Sayın Holnburger, yalan haber nedir?
Yanlış bilgilendirme ile dezenformasyon arasında bilimsel bir ayrım yapıyoruz. Örneğin, birisi düzgün dinlemediği için bir şeyi yanlış aktarmışsa, bu yanlış bilgidir. Dezenformasyon ise, hiç öyle olmayan veya yanlış bir bağlama yerleştirilmiş bir aktarımla, yanlışlığı bilindiği halde kasıtlı olarak yayılan bilgilerdir. Kamuoyunda buna genellikle sahte haber deniyor.
Dezenformasyon tehlikesi arttı mı?
Bugün dezenformasyon yaymak eskisine göre çok daha kolay. Dolayısıyla bu açıdan risk arttı. Sosyal ağlarda duygusallaştırıcı içeriklerin yayılımı şaşırtıcı derecede iyi işliyor. Özellikle büyük platformların dezenformasyonu engellemek için iyi kurallara ihtiyacı var. Bu bir yönüyle söz konusu hesapların erişimini sınırlamak, hatta engellemek anlamına gelebilir. Ancak, doğruluk teyitleri yoluyla da kullanıcılar yanlış bilgilerden haberdar edilmeli.
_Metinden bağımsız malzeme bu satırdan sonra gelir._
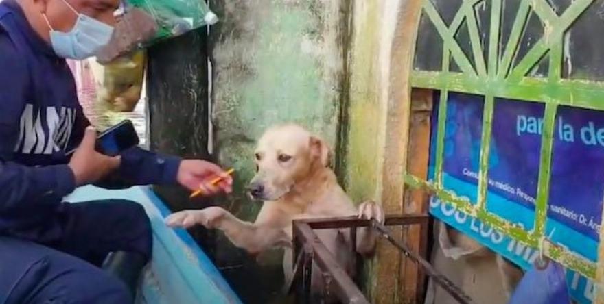 Τα μέλη της Μαρίνας έψαχναν με βάρκες για παγιδευμένους κατοίκους στην περιοχή Ταμπάσκο στις 13 Νοεμβρίου 2020. Ο σκύλος ήταν προσκολλημένος σε ένα μεταλλικό κουτί παραθύρου έξω από ένα σπίτι. Μόλις η βάρκα έφτασε δίπλα του, ο σκύλος που έτρεμε υποδέχτηκε μερικά χάδια και μια λιχουδιά από έναν από τους άνδρες που ήταν εκεί για να τον σώσουν.

İnsanlar yanlışlığı bariz olan iddialara neden inanıyor?
İnsanlar inanmak istedikleri dezenformasyona, onların siyasi kabullerine uyan şeylere inanıyorlar. Somut gerçekleri algılamaktan tümüyle uzaklaşmış komplo ideologları var. Hatta bu insanlar birbiriyle çelişen farklı yanlış bilgilere de inanıyorlar: Örneğin bir taraftan korona virüsünün gizlice geliştirilmiş bir biyolojik silah olduğuna, öteki taraftan zararsız bir grip virüsü olduğuna inanabiliyorlar.
Dezenformasyon konusunda ne yapılabilir?
Her şeyden önce komplo ideolojilerine yatkın insanların bulundukları sosyal ortamlara somut gerçekleri ulaştırmak önemli. Aile içinde veya iş yerinde bu gibi olanaklar var olmaya devam ediyor. Bu nedenle doğruluk teyitlerini; sendikalar, kiliseler veya dernekler aracılığıyla yaymaya devam etmeliyiz. Ayrıca, sevdikleri komplo ideolojilerine inanan insanların yakınlarına danışmanlık desteği veren “Veritas” veya “entschwört” gibi kuruluşları da desteklememiz gerekiyor.
Dezenformasyona aldanmamak için hangi temel tavsiyelerde bulunabilirsiniz?
Aşırı ölçüde duygusal manşetlerin veya alıntıların çoğu zaman bir dezenformasyona işaret ettiği bilinmelidir. Özellikle de görsellerin sahteleri kolayca yapılabiliyor. Örneğin, politikacılar çok çarpık bir yüz ifadesi ile gösteriliyorsa, orijinal çekim muhtemelen manipüle edilmiştir. Öte yandan Almanya’da yerleşik medyada içerik oluşturma standartları gayet iyi, bu nedenle genelde buralardaki bilgilere güvenilebilir. Sosyal medyada, hesabın gerçekten ilgili kişiye ait olduğunun kontrol edilip edilmediğine dikkat edilmeli.